● **PROBLEM DESCRIPTION**
Repeat the listing that follows, character for character, minus the pictures.

● **LISTED RECORDS**
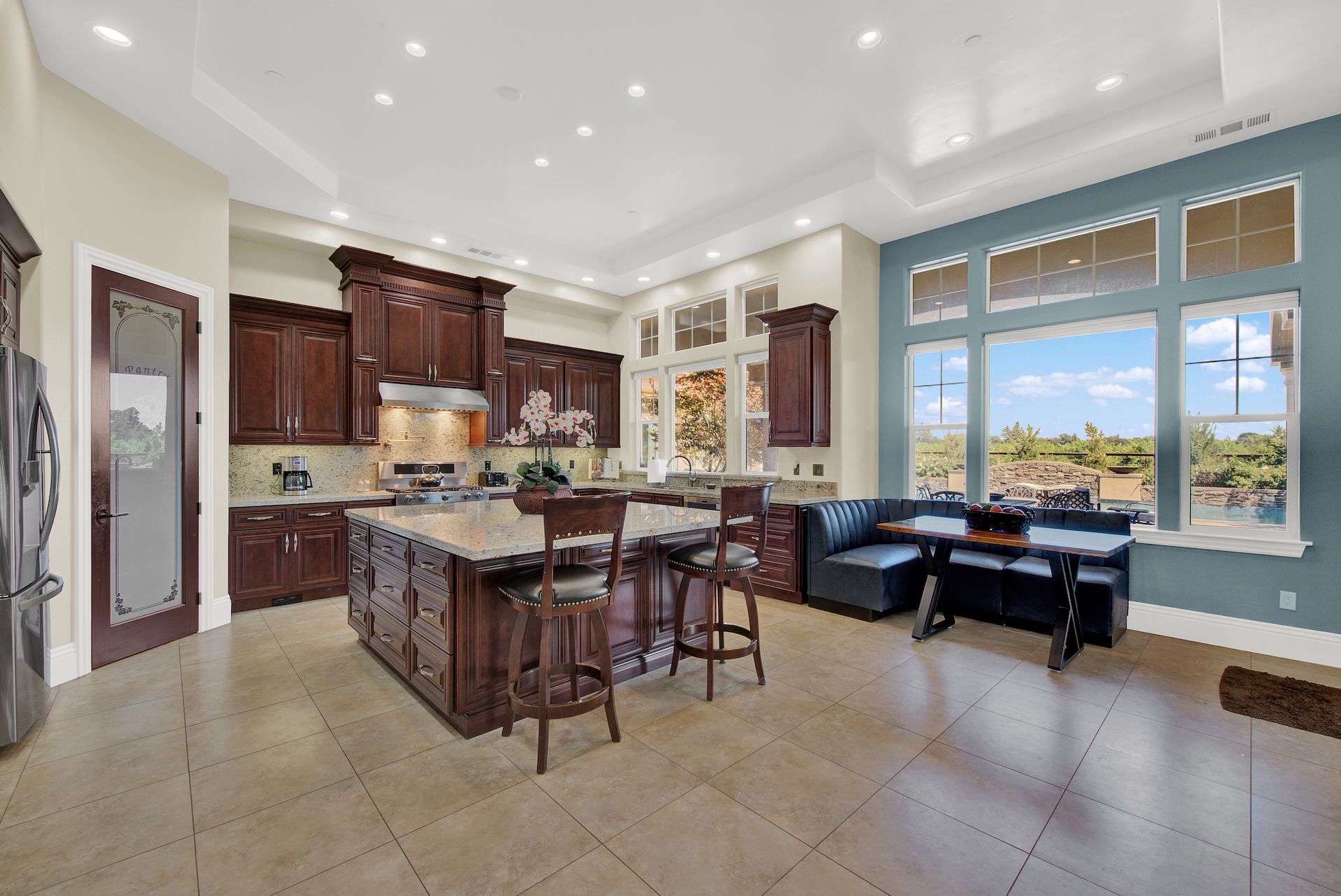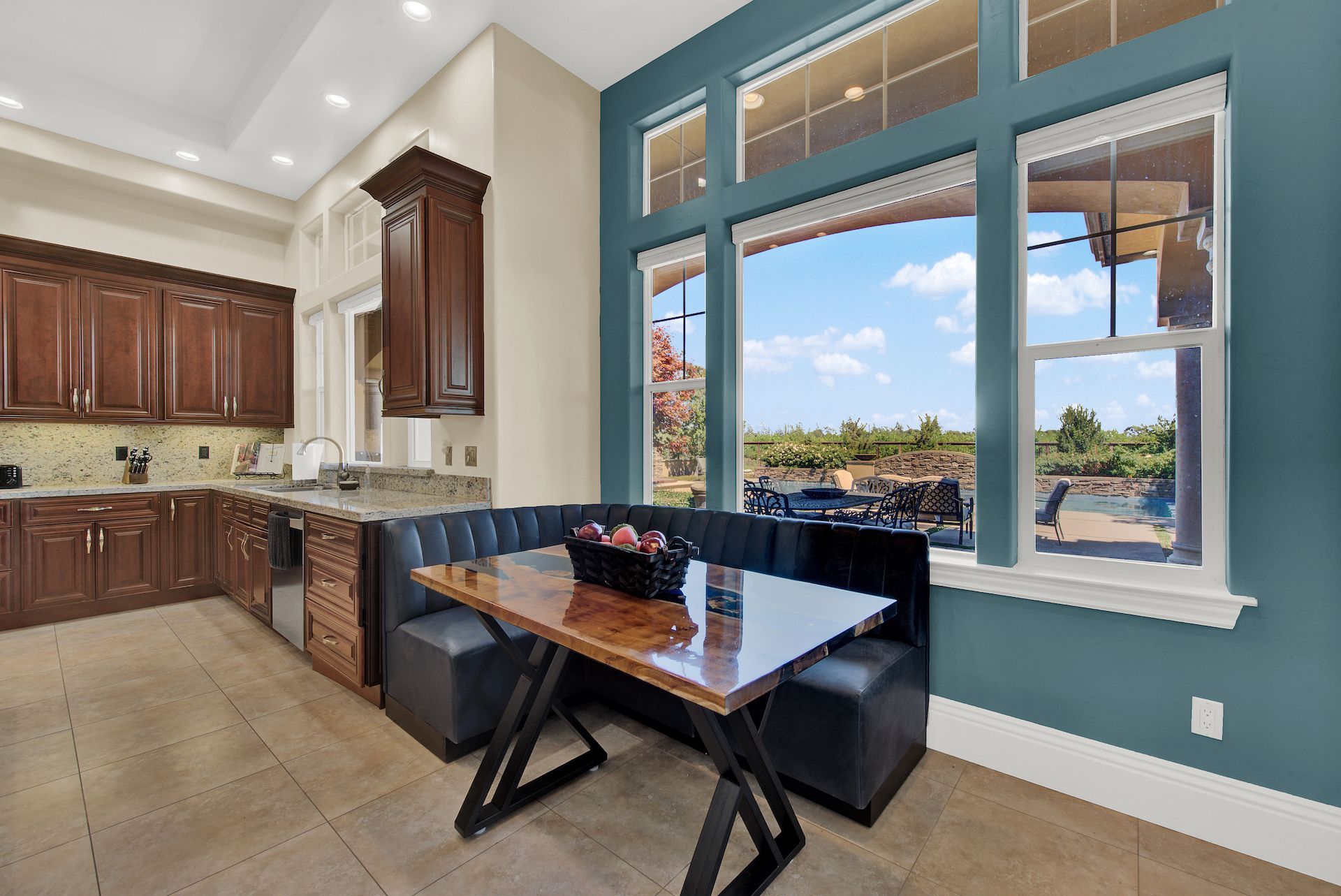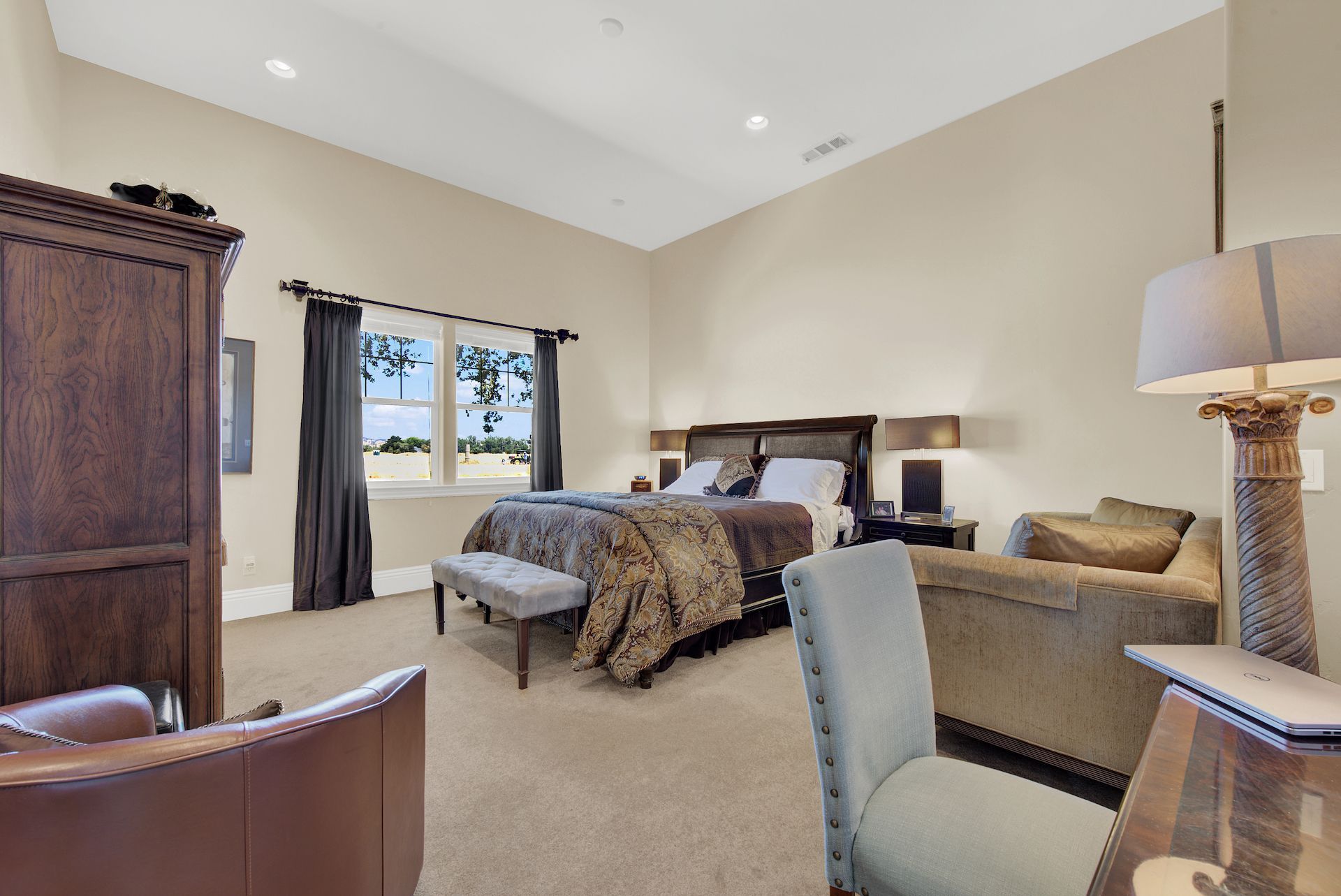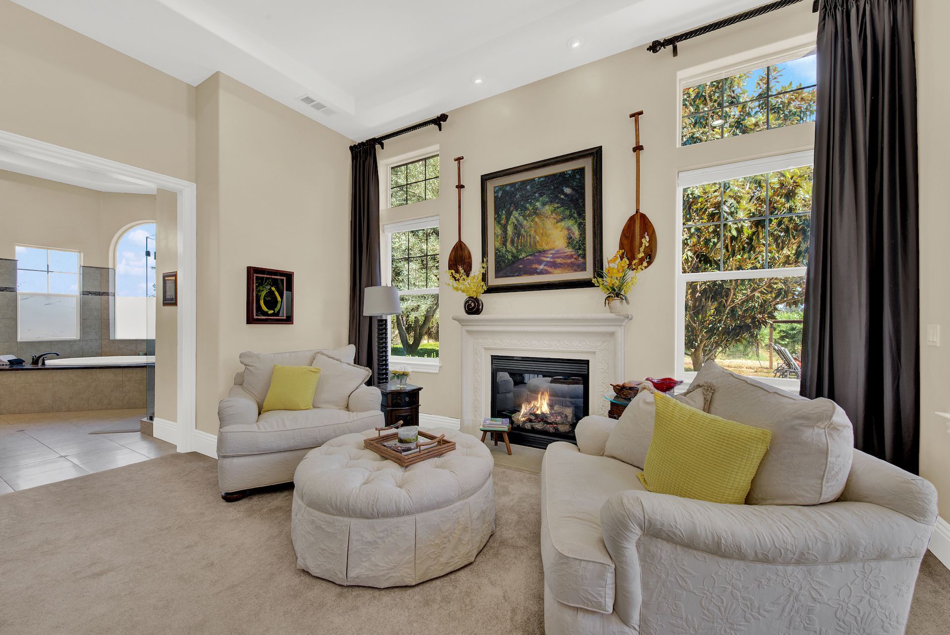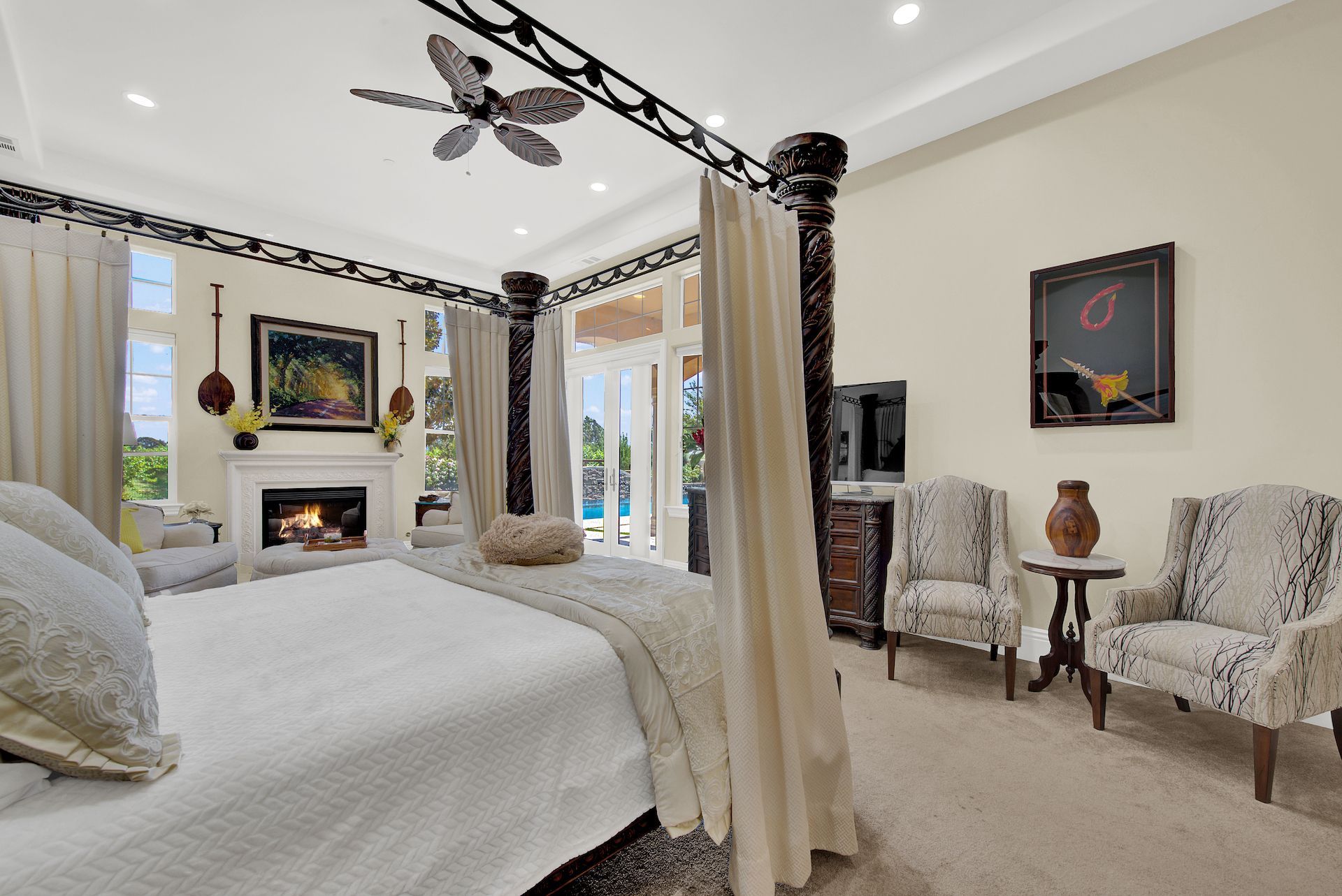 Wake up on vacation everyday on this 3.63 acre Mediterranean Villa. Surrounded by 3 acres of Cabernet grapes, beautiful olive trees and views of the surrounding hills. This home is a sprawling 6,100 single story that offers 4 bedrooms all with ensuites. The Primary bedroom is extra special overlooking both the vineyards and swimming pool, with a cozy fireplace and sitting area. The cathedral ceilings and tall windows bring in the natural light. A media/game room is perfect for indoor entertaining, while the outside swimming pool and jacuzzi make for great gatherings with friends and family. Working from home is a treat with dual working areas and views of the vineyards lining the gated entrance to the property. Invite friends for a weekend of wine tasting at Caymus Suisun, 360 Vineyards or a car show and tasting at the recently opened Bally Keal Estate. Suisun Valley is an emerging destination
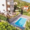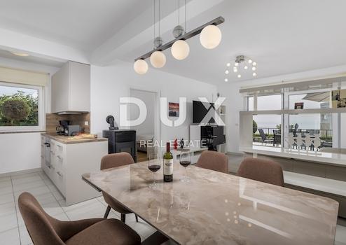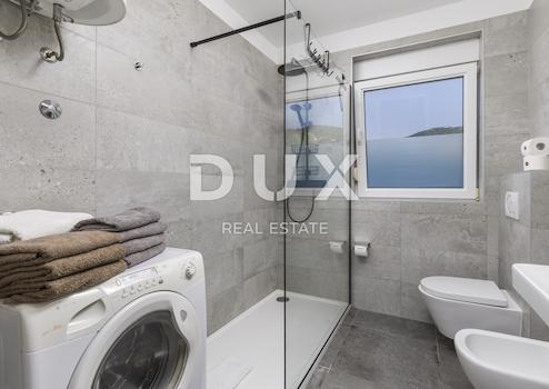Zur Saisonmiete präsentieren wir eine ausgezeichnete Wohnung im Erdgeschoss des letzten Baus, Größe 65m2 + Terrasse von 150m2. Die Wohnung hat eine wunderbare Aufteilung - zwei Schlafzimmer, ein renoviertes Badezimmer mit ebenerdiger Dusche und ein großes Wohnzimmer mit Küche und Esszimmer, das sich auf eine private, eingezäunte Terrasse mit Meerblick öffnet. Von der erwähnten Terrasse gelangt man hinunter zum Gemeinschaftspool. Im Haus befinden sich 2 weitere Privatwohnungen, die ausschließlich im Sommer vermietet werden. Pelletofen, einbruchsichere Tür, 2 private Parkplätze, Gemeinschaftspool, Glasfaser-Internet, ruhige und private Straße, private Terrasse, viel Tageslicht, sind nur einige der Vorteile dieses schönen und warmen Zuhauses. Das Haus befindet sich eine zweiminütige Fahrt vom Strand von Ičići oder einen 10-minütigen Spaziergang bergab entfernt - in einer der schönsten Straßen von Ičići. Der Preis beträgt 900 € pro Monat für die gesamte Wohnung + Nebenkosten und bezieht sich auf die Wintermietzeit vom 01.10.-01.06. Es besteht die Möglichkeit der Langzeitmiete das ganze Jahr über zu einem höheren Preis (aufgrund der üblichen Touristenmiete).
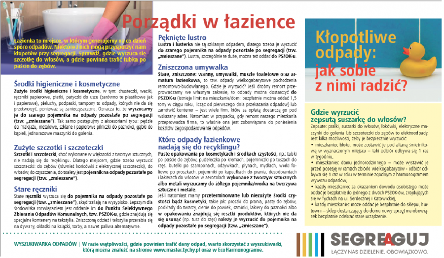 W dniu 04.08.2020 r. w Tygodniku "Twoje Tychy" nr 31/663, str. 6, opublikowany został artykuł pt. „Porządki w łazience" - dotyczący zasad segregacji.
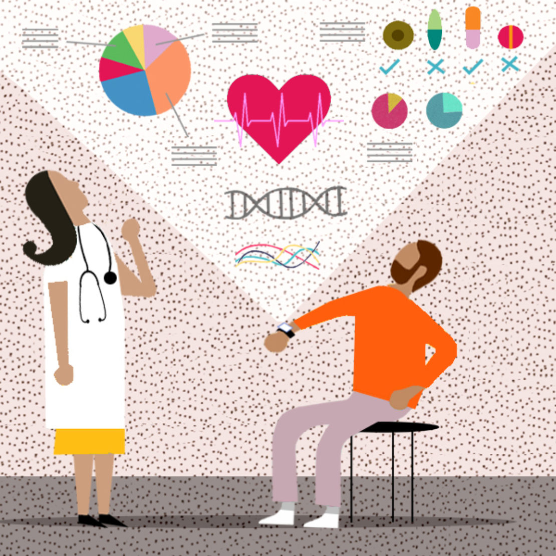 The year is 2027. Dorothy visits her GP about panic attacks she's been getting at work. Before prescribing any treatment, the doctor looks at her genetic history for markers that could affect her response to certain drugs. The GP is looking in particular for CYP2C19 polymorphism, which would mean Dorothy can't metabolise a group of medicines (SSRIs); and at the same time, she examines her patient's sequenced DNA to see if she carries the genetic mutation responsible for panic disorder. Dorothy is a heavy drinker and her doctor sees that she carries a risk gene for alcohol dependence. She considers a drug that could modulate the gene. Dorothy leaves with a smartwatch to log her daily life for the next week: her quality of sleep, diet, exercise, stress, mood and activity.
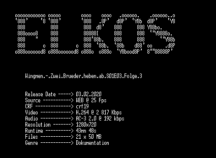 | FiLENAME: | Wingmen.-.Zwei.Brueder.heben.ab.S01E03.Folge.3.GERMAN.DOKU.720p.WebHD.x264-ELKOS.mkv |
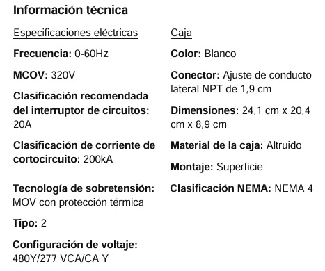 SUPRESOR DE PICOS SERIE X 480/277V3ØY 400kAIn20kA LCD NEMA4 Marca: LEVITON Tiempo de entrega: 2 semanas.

● **REPLY TO THE EXERCISE**
 Wake up on vacation everyday on this 3.63 acre Mediterranean Villa. Surrounded by 3 acres of Cabernet grapes, beautiful olive trees and views of the surrounding hills. This home is a sprawling 6,100 single story that offers 4 bedrooms all with ensuites. The Primary bedroom is extra special overlooking both the vineyards and swimming pool, with a cozy fireplace and sitting area. The cathedral ceilings and tall windows bring in the natural light. A media/game room is perfect for indoor entertaining, while the outside swimming pool and jacuzzi make for great gatherings with friends and family. Working from home is a treat with dual working areas and views of the vineyards lining the gated entrance to the property. Invite friends for a weekend of wine tasting at Caymus Suisun, 360 Vineyards or a car show and tasting at the recently opened Bally Keal Estate. Suisun Valley is an emerging destination
Zur Saisonmiete präsentieren wir eine ausgezeichnete Wohnung im Erdgeschoss des letzten Baus, Größe 65m2 + Terrasse von 150m2. Die Wohnung hat eine wunderbare Aufteilung - zwei Schlafzimmer, ein renoviertes Badezimmer mit ebenerdiger Dusche und ein großes Wohnzimmer mit Küche und Esszimmer, das sich auf eine private, eingezäunte Terrasse mit Meerblick öffnet. Von der erwähnten Terrasse gelangt man hinunter zum Gemeinschaftspool. Im Haus befinden sich 2 weitere Privatwohnungen, die ausschließlich im Sommer vermietet werden. Pelletofen, einbruchsichere Tür, 2 private Parkplätze, Gemeinschaftspool, Glasfaser-Internet, ruhige und private Straße, private Terrasse, viel Tageslicht, sind nur einige der Vorteile dieses schönen und warmen Zuhauses. Das Haus befindet sich eine zweiminütige Fahrt vom Strand von Ičići oder einen 10-minütigen Spaziergang bergab entfernt - in einer der schönsten Straßen von Ičići. Der Preis beträgt 900 € pro Monat für die gesamte Wohnung + Nebenkosten und bezieht sich auf die Wintermietzeit vom 01.10.-01.06. Es besteht die Möglichkeit der Langzeitmiete das ganze Jahr über zu einem höheren Preis (aufgrund der üblichen Touristenmiete).
 W dniu 04.08.2020 r. w Tygodniku "Twoje Tychy" nr 31/663, str. 6, opublikowany został artykuł pt. „Porządki w łazience" - dotyczący zasad segregacji.
 The year is 2027. Dorothy visits her GP about panic attacks she's been getting at work. Before prescribing any treatment, the doctor looks at her genetic history for markers that could affect her response to certain drugs. The GP is looking in particular for CYP2C19 polymorphism, which would mean Dorothy can't metabolise a group of medicines (SSRIs); and at the same time, she examines her patient's sequenced DNA to see if she carries the genetic mutation responsible for panic disorder. Dorothy is a heavy drinker and her doctor sees that she carries a risk gene for alcohol dependence. She considers a drug that could modulate the gene. Dorothy leaves with a smartwatch to log her daily life for the next week: her quality of sleep, diet, exercise, stress, mood and activity.
 | FiLENAME: | Wingmen.-.Zwei.Brueder.heben.ab.S01E03.Folge.3.GERMAN.DOKU.720p.WebHD.x264-ELKOS.mkv |
 SUPRESOR DE PICOS SERIE X 480/277V3ØY 400kAIn20kA LCD NEMA4 Marca: LEVITON Tiempo de entrega: 2 semanas.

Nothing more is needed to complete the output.